Results from analysis of thick and thin blood smears were provided by pathologists from regional laboratories throughout Alberta who submitted specimens to ProvLab for PCR testing.
DNA sequencing.
Sequencing of PCR products was performed with the primers used for amplification. DNA sequencing was carried out on a Beckman Coulter CEQ2000XL sequencer at the Department of Biochemistry DNA Core Services Lab of the University of Alberta.
PCR confirmation at ProvLab.
Our acceptance criteria included EDTA blood samples from patients that were smear positive, regardless of species. Specimens with suspected subpatent parasitemia or an inconclusive smear result were also tested. DNA extracted from whole blood was tested in both the Plasprobe and species identification reactions.
RESULTS
Validation of the Plasmodium species identification reaction for single infections.
The method described by Rougemont et al. (19) consists of a “screening” reaction that uses conserved primers with a probe (Plasprobe) that detects all five Plasmodium species and a second “species identification” reaction that uses the same conserved primers with species-specific probes. For the species identification reaction, we designed species-specific forward primers that are used with the conserved reverse primer and the species-specific probes. We first compared the sensitivity of our modified species identification reaction with that of the Plasprobe screening reaction. A panel of 91 samples from 86 patients was evaluated in a blind fashion under the two reaction conditions. Of the 56 samples positive by Plasprobe, all were detected by the species identification reaction. No false positives were observed, demonstrating 100% specificity for Plasmodium detection. These results were further confirmed by nested PCR.

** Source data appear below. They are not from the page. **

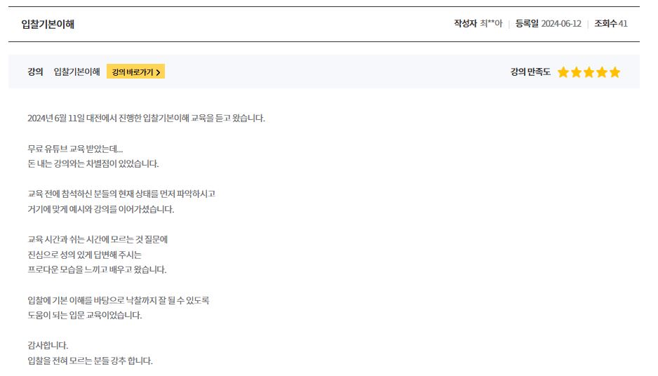 생생한 수강생들의 후기가 증명하는 전자입찰교육원 강의!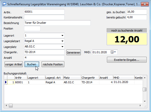 5. Geben Sie die zu verbuchende Menge in das Feld Anzahl ein und klicken Sie auf den Button Buchen. Diesen Vorgang wiederholen Sie solange, bis alle Mengen dieser Position verbucht sind.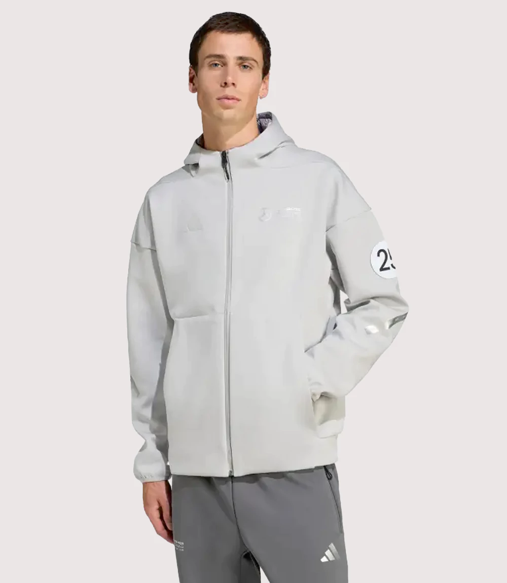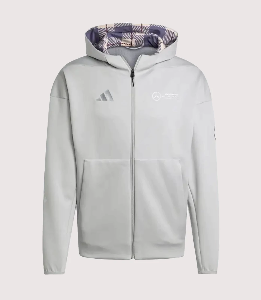The hoodie is rendered in a light metallic silver or “grey-white” technical fabric, featuring a smooth, moisture-wicking exterior ideal for performance environments. The design is marked by dual branding on the chest: the iconic Adidas three-bar logo on the right and the Mercedes-AMG Petronas F1 Team crest on the left. A defining and unique characteristic of this Silver Arrows Performance Zip-Up is the interior hood lining, which features a classic purple and white plaid pattern, providing a subtle pop of heritage color. At knitedge we appreciate the streamlined construction, including the full-length central zipper, a high-neck collar for wind protection, and expansive side-entry pockets integrated into the lower torso for a sleek silhouette.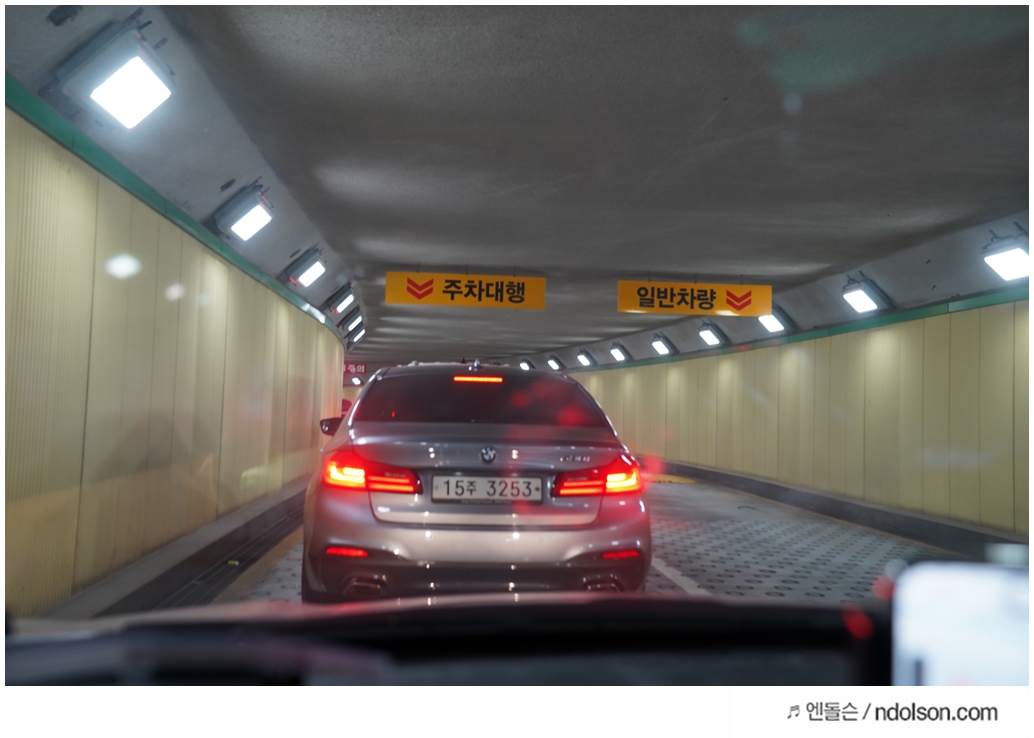 주차대행은 하늘색 선을 따라가면 됩니다.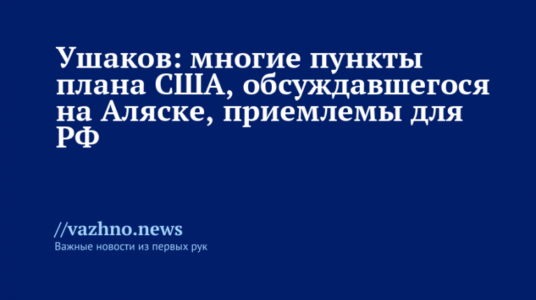 «Мы были ознакомлены с одним вариантом, который идет в русле тех пониманий, которые были достигнуты на Аляске. И поэтому многие, я бы сказал, не все, но многие положения этого плана, они нам представляются вполне приемлемыми», — сказал Ушаков.

Nested PCR also served as the “molecular gold standard” for species identification. We observed 100% concordance between the species identified by nested PCR and by our real-time PCR. This panel included two mixed infections for which the major and minor species were both correctly identified with the new species identification reaction.
The species identification reaction consists of primers and probes for the four major Plasmodium species. In light of the emergence of P. knowlesi as a simian parasite capable of causing malaria infections in humans (5), an additional probe would need to be designed to detect this species. We have successfully detected genomic DNA from P. knowlesi with the Plasprobe and verified that the species-specific primers and probes do not cross-react with this species. This implies that the test can be used as a screening tool for P. knowlesi, although validation with clinical infections of P. knowlesi is required. At present, if a specimen is positive with the Plasprobe but negative in the species identification reaction and the patient travel history is consistent with exposure to P. knowlesi, then further investigation is warranted.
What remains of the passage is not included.